An industrial kitchen has enabled the group of mostly women who run the pastry sale operation to churn out a large number of pastries. There are the kourambiethes, sugar cookies covered in a snow-like blanket of powdered sugar; the oblong finikia, sprinkled with finely chopped nuts and drizzled with honey, each with one perfectly placed clove in the middle; the simple koulourakia, butter tea cookies, twisted into a perfectly formed ribbon shape; and of course the baklava, the flaky, layered triangle-shaped treat with the most instant name recognition.

The women have had to tweak their recipes over time for the different pastries and cookies into what they now simply call “the church’s recipe,” combining different elements and ingredients from the different recipes that were passed down to them by their own parents and grandparents, which are slightly different depending on what region of the old country their relatives hailed from. A family that traces its roots back to Turkey, for instance, may have a different take on how to make a certain cookie or pastry than a family with origins in Albania.

“We don’t use people’s names for the recipes, and I think we’ve evolved them,” Karloutsos said. “I think we’ve made them better. Some people might not think that, but we’ve tried. We didn’t want to say this is Isabella’s recipe or this is Maria’s recipe. We say it’s from the yia-yias.”

Another evolution in the process has been a valuable lesson the women say they’ve learned from the students who are part of the Luv Michael program, a nonprofit dedicated to training, educating and employing autistic adults. The men and women in that program regularly use the church’s kitchen and classroom space, and their presence in the kitchen has made the pastry and cookie production better, Karloutsos said.

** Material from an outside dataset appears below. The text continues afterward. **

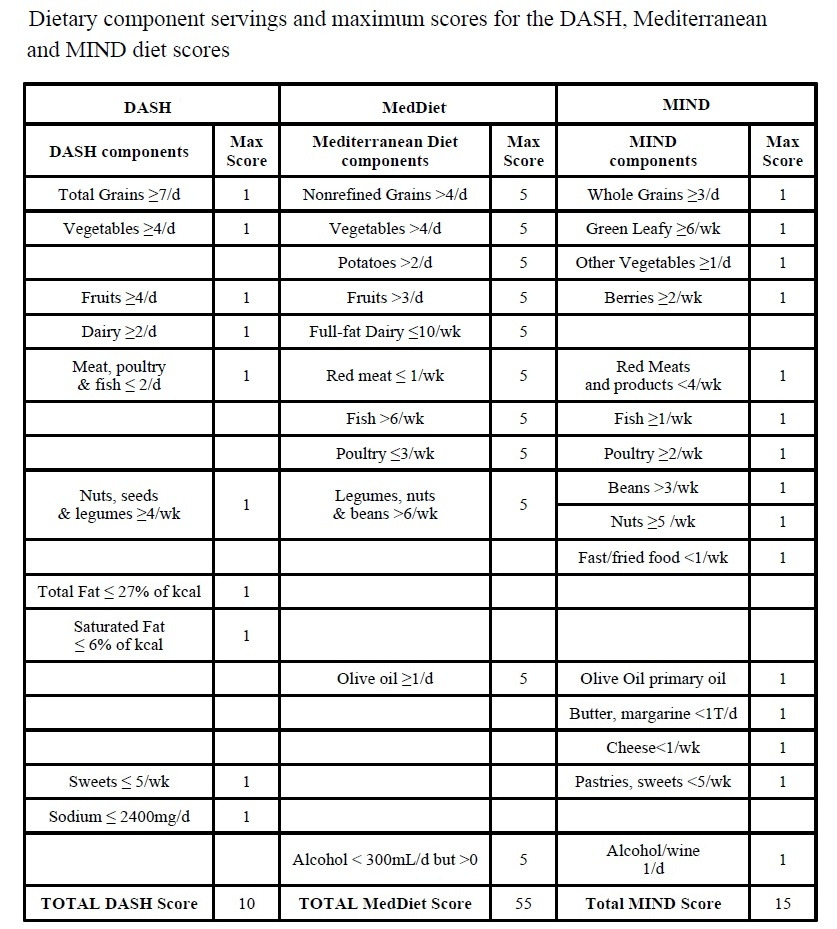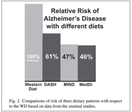 미국 시카고 러시(Rush) 대학의 모리스(Morris) 박사팀은 지중해식 식단과 고혈압 치료를 위한 DASH(Dietary Approaches to Stop Hypertension) 식단의 장점을 결합하여 치매, 특히 AD 예방을 목적으로 MIND(Mediterranean-DASH Intervention for Neurodegenerative Delay)라는 식단을 개발하여 2015년 발표했다. 고기와 포화지방이 많은 음식을 제한하고, 베리류의 과일과 푸른잎 채소 섭취를 강조하는 이 식단을 엄격하게 따르면 치매 발생률이 최대 53% 감소, 느슨하게 따르더라도 약 35% 감소하였고, 인지 기능 저하 속도를 7.5년 지연시키는 효과가 있었다 [52].

“We really learned how to measure everything and not be these Greek yia-yias who just throw this in and throw that in,” she said. “In their training [in the kitchen] they’re taught to measure everything. That’s why even though we’re using our hands, the pastry comes out looking like it was made by a machine.”

The aesthetic perfection of the cookies and pastries and the sheer number that the women produce is staggering. Isabel Shoukas, another main contributor to the baking effort, shared that 18 pounds of butter had been used to make 17 trays of koulourakia, with each large baking tray holding seven dozen of the cookies.

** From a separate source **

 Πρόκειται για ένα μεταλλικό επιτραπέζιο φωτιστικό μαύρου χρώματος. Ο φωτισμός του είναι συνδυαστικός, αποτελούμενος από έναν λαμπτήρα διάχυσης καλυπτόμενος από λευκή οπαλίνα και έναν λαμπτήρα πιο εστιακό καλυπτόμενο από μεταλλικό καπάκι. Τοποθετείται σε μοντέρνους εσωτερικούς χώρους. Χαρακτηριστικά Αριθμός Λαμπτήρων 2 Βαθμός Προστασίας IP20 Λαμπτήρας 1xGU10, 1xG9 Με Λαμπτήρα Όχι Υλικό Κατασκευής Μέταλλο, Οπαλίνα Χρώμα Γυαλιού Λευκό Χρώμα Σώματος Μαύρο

Maria Hatgistavrou, another woman in that core group, explained the consistent level of demand for the cookies and pastries.

“You can’t find anything like that out here,” she said. “And to sit down and make it, no one will do that. It’s a lot of work; we’ve become very big. I work part time at the Gap, and people are already asking me, when is the sale?”

The women agree that it’s a labor of love.

“It’s a lot of work, but it’s also about the camaraderie between the people that come to do the work,” Shoukas said.

“Us women, we just need to be busy all the time,” Hatgistavrou added. “Then you have the group that comes who have kids, so they can’t come all the time, they come when they can. And you have the group of women who just retired, and then their husband retires and they need to get away,” she said with a laugh. Turning more serious, she said: “Then you have the unfortunate situations where maybe the husband has died, so the women come.”

At the end of the day, it’s the bonds that are built between the parishioners, and the knowledge that the sale of the baked goods allow the church to do valuable work for those in need in the local community and abroad that keeps the group going.

“We have our ups and downs, but we still do it,” Hatgistavrou said. “Because we care.”